* EXERCISE DATA *
====
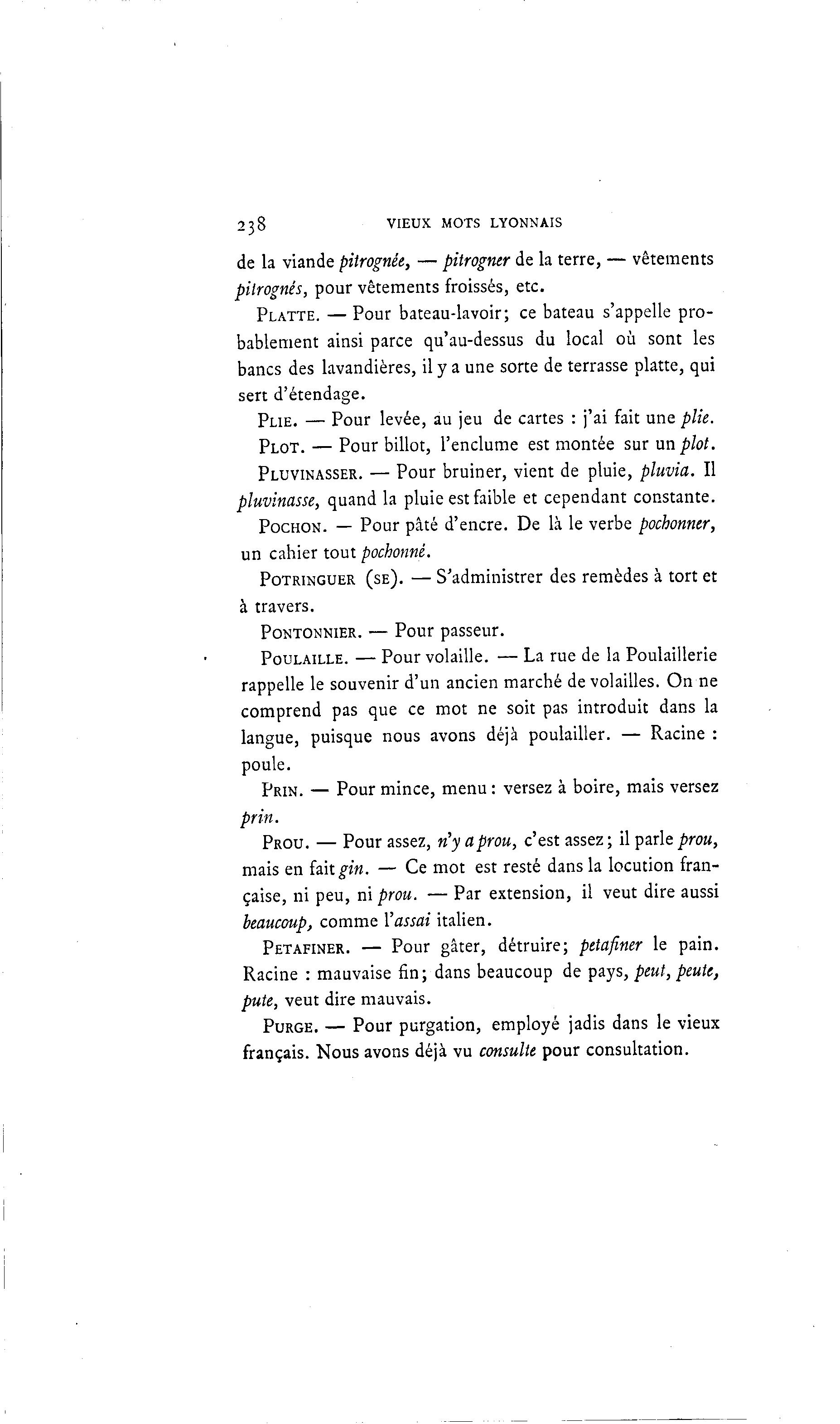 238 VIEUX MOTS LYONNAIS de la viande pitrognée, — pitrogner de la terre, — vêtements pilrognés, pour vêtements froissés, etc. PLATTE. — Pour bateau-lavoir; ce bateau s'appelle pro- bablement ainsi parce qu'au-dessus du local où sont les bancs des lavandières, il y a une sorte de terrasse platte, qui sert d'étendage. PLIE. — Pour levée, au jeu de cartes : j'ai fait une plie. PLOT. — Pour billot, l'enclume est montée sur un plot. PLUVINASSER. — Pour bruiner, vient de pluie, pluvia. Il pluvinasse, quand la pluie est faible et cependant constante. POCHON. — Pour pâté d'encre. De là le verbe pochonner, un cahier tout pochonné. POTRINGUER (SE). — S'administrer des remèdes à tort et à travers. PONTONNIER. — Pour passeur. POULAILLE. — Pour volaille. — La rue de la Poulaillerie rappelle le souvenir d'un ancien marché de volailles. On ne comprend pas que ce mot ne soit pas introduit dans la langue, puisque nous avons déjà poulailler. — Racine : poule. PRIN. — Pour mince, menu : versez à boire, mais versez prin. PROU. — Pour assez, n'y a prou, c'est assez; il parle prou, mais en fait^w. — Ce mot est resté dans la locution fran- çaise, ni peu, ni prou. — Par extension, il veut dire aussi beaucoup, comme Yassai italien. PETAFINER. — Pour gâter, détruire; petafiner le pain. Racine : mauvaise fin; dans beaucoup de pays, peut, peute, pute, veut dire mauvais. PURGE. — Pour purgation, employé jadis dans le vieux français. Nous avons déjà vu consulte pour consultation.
====
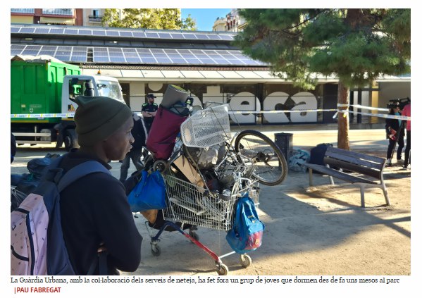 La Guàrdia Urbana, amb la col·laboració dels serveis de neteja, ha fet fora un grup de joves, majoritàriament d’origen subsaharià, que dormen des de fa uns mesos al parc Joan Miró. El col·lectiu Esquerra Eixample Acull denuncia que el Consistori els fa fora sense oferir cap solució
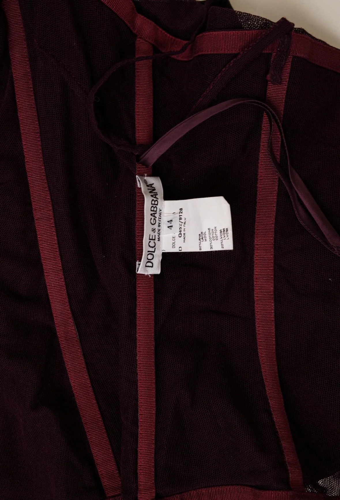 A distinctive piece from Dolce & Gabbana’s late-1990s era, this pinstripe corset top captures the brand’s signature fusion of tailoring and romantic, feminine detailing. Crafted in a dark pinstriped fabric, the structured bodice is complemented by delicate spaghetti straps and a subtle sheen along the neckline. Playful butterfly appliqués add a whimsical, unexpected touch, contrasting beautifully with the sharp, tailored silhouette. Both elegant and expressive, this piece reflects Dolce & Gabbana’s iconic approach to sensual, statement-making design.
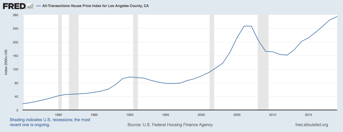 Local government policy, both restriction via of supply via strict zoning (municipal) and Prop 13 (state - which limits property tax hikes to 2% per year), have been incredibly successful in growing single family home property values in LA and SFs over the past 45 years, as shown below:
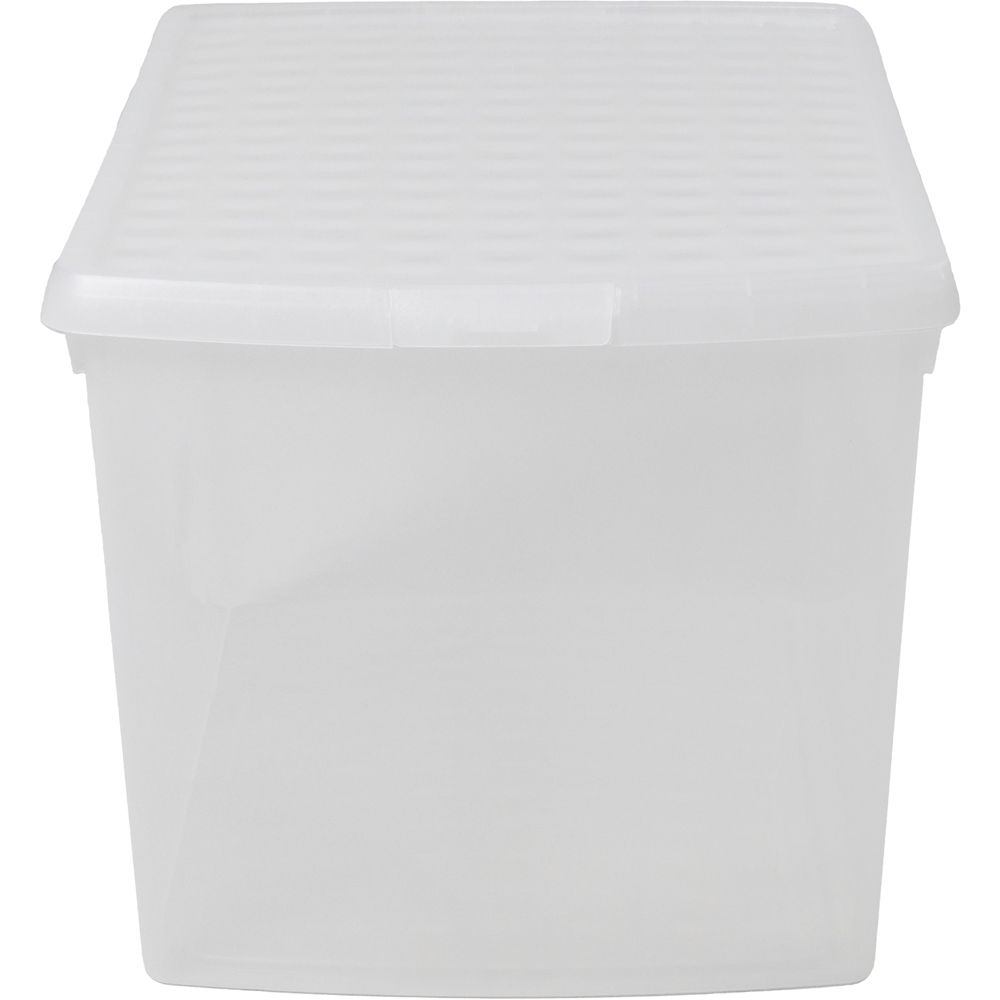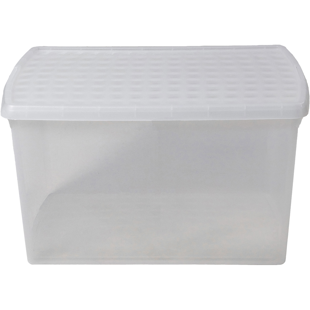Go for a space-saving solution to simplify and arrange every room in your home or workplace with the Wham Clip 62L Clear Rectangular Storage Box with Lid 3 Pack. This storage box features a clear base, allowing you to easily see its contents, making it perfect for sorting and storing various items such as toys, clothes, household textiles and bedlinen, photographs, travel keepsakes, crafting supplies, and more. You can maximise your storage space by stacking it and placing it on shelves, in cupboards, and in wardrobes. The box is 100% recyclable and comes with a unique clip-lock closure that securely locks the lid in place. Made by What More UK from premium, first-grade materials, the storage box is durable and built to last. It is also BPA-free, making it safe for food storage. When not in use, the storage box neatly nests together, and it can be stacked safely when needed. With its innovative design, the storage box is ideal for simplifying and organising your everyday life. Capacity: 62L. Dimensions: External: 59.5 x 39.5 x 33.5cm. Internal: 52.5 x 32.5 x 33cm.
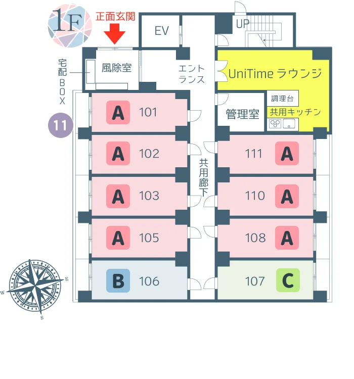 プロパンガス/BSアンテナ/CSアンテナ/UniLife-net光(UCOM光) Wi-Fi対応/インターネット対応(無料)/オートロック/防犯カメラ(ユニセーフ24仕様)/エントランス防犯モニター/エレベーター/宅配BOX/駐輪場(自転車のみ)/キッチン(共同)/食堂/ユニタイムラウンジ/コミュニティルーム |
====
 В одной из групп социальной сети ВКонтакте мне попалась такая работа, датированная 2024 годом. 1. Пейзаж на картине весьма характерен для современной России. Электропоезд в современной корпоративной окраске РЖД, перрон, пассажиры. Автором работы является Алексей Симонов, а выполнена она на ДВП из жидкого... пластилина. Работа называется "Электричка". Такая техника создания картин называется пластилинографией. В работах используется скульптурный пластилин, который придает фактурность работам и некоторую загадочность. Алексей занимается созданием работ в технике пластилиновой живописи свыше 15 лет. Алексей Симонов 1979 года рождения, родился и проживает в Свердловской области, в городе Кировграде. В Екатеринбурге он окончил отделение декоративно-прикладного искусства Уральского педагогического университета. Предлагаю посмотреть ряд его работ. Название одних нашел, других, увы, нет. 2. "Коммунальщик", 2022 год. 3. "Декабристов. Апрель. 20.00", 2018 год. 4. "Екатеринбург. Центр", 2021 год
====
* WHAT THIS TASK INVOLVES *
Using the data above, retype exactly and only the lines from the one containing "A distinctive piece" up to and including the one containing "Local government policy, both", with no pictures carried over.

* SOLUTION TO THE PROBLEM *
 A distinctive piece from Dolce & Gabbana’s late-1990s era, this pinstripe corset top captures the brand’s signature fusion of tailoring and romantic, feminine detailing. Crafted in a dark pinstriped fabric, the structured bodice is complemented by delicate spaghetti straps and a subtle sheen along the neckline. Playful butterfly appliqués add a whimsical, unexpected touch, contrasting beautifully with the sharp, tailored silhouette. Both elegant and expressive, this piece reflects Dolce & Gabbana’s iconic approach to sensual, statement-making design.
 Local government policy, both restriction via of supply via strict zoning (municipal) and Prop 13 (state - which limits property tax hikes to 2% per year), have been incredibly successful in growing single family home property values in LA and SFs over the past 45 years, as shown below:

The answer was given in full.